While I am not an economist and don’t pretend to be one, there is definitely a multiplier among the three categories in terms of how many jobs are created.  One engineer hired in a Green company can design enough product to keep hundreds of electricians (implementers) busy, and maintain thousands of indirect jobs through energy savings.  Is the multiplier the same from sector to sector?  Will a Lithium-ion battery engineer drive as many jobs as a solar technology or lighting company?  I do not know.  But the downstream relationship is real.

What I do know is that there is too much focus on the Direct jobs.  States are falling over each other to attract cleantech-manufacturing facilities, luring businesses with subsidies and tax breaks.  But in many cases, Direct jobs are not where the most significant job-creation impact will be felt.  The Implementer jobs – those enabled by the widespread adoption or deployment of the technology – are critical.  And, importantly, those jobs are available far beyond the winning state’s lines.
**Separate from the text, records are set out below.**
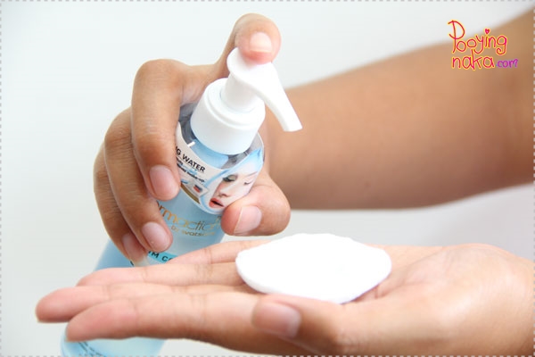 ทำเหมือนเดิมค่ะ กด Moisture Care Cleansing Water ประมาณ 1-2 ปั้มให้ชุ่มทั่วทั้งสำลี
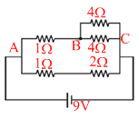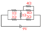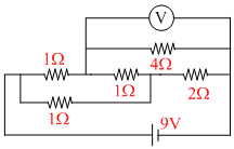 Find current through the resistance 4Ω if resistance of voltmeter is 4Ω.
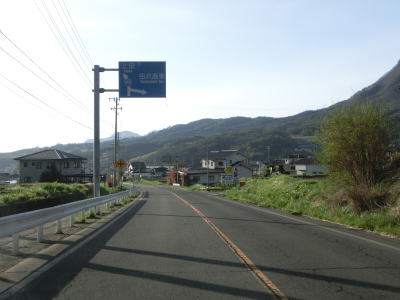 | 断続的にヘアピンカーブが連続している状態を走っていると谷筋を通っている村道との交差点を通過する。村道沿線には奈良尾集落がある。右に大きくカーブした後に左にカーブし弘法集落を通り抜ける。沿線の家屋は多くないが、旧道と思われる村道沿いには多くの家屋がある。 | ||
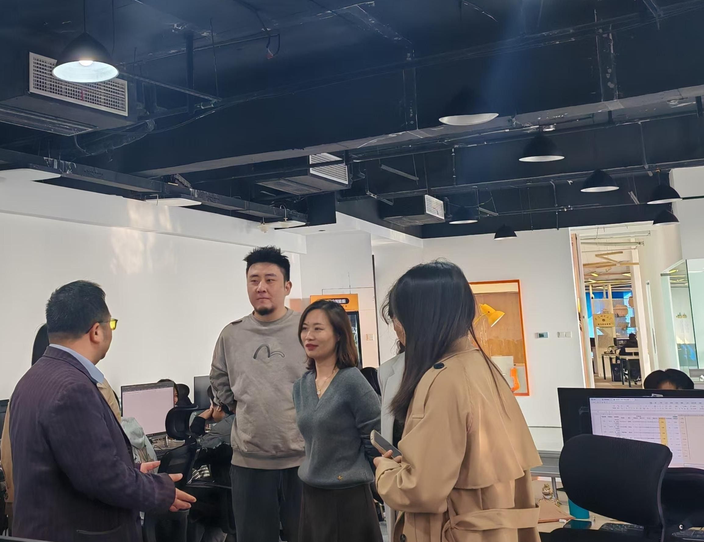 随后,实习检查组来到芜湖孪生智能科技有限公司。公司负责人详细介绍了公司的业务板块及运营模式,在参观过程中,赵昊详细询问了实习生的实习情况,并对实习生的表现给予了认可和期许,表示同学们需要积极提高学习热情,多思考,多锻炼,强调了实习期间的安全。
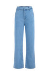 Een high rise chino van denim katoenmix met twee steekzakken en twee paspelzakken. Het model heeft wijde pijpen en een haak-, knoop- en ritssluiting.
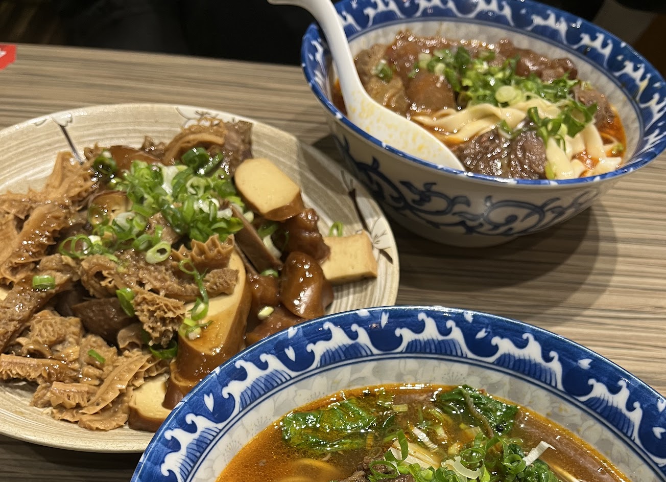 – 牛肉麵的牛肉品質有點參差不齊,有些太柴了、有些很難咬、有些又很軟嫩好吃。麵體Q彈有嚼勁。(有分細麵、刀削麵、不加香菜、不加蔥給大家做選擇,貼心!)
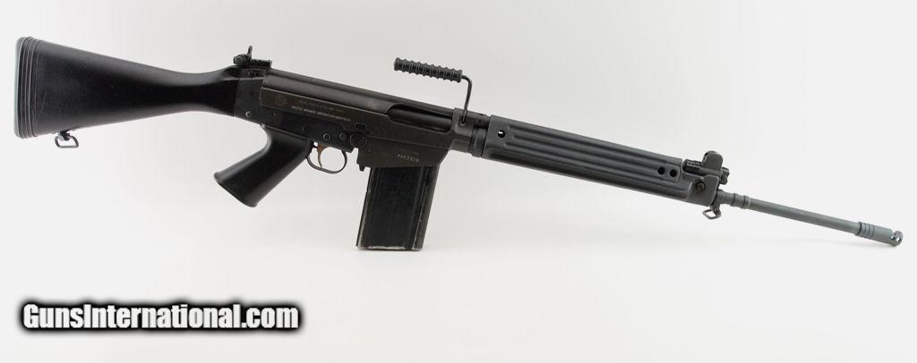Description: IMBEL STG 58 Sporter .308, 20" bbl, good bore, flash hider, black finish, adjustable rear peep sight, post in military wings front sight, synthetic stock - pistol grip, metal forend, sling loops, carrying handle, one 20 round magazine, and black recoil pad. Great addition to your collection. Add 3% for Credit Card Shipping $30.00 SOLD |
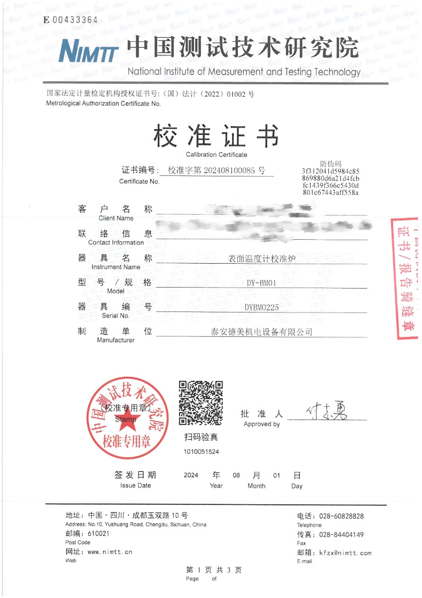 | 上一條:干體爐301(室溫+5℃~650℃)校準(zhǔn)證書 | 下一條:DY-HT2M-C高溫面源黑體爐(100mm) |
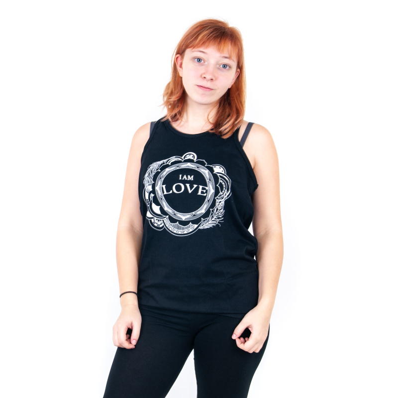 Women's tank top with print and positive mantra I AM LOVE in black, size L
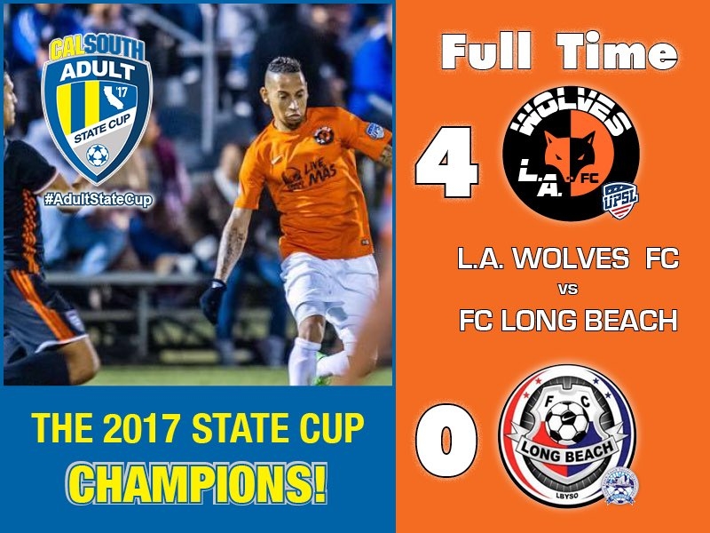 Starting another busy weekend on a high, L.A. Wolves FC defeated FC Long Beach, 4-0, in the CalSouth Adult State Cup Championship Game on Saturday night at Cal State University, Fullerton's Titan Stadium.
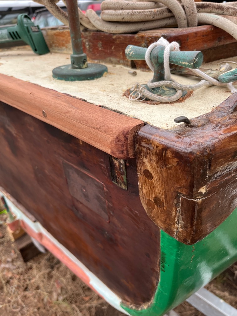 This part of Shoal Waters has been waiting for the next batch of penetrating epoxy to be mixed and this got a liberal flooding as well. Again, this is a repair for another maintenance season, but for now, the penetrating epoxy will do the trick.
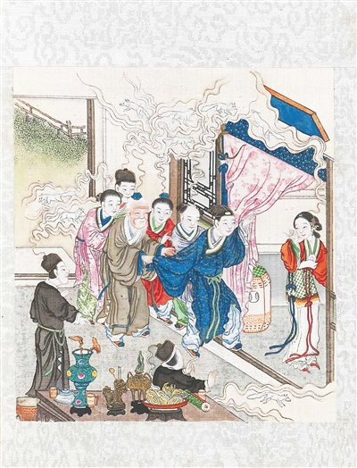 《聊斋全图》(简称“全图”本)于清末问世。原为90册,多散佚。其中,前48册每文一图,之后则每文配二至七图不等。与“图咏”本在“扼要处着笔”绘制单图的风格不同,“全图”本图画占据主导地位,文字从属于图像,视觉冲击力更强。以《聂小倩》为例,“图咏”本单幅主题画抓住宁采臣拒绝诱惑、掷金而去这个情节,构图偏室外,突出庭院、树木、月夜,人物比例较小,气氛清冷文雅;“全图”本则展现聂小倩婚后生活场景,如婚后点灯读书、画兰展才、革囊放鬼捉夜叉等,细致描绘了床帐、墙画、条桌、绣墩等家居陈设,呈现世俗生活之美,休闲性、趣味性更为鲜明。
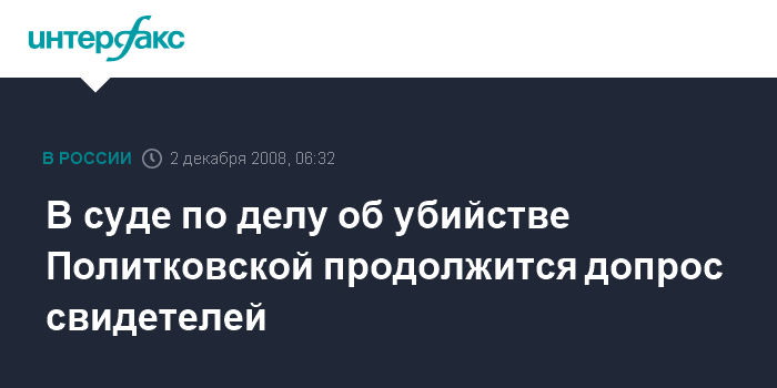 Москва. 2 декабря. ИНТЕРФАКС - В Московском окружном военном суде во вторник продолжится допрос свидетелей стороны обвинения по делу об убийстве обозревателя "Новой газеты" Анны Политковской.

The Indirect jobs are, admittedly, harder to quantify.  But every company that saves money by adopting an energy efficient technology reduces the monthly electricity bill, generating savings.  Those savings can be invested in business growth, employees, capital projects or further energy efficiency initiatives, and are the byproduct of the initial cleantech job.

So am I saying that the number of Direct jobs being created is not important?  No.  Not at all.  But I am saying that it is only one measure of the economic impact of a cleantech company, and that the second- and third-order impacts are potentially much more significant.

My modest proposal?  Do not ask a cleantech company where they are manufacturing and think that the answer tells the whole story.  Ask them what their anticipated impact on total job creation will be – Direct, Implementer, and Indirect – and explore that conversation.  The answer will be much more interesting.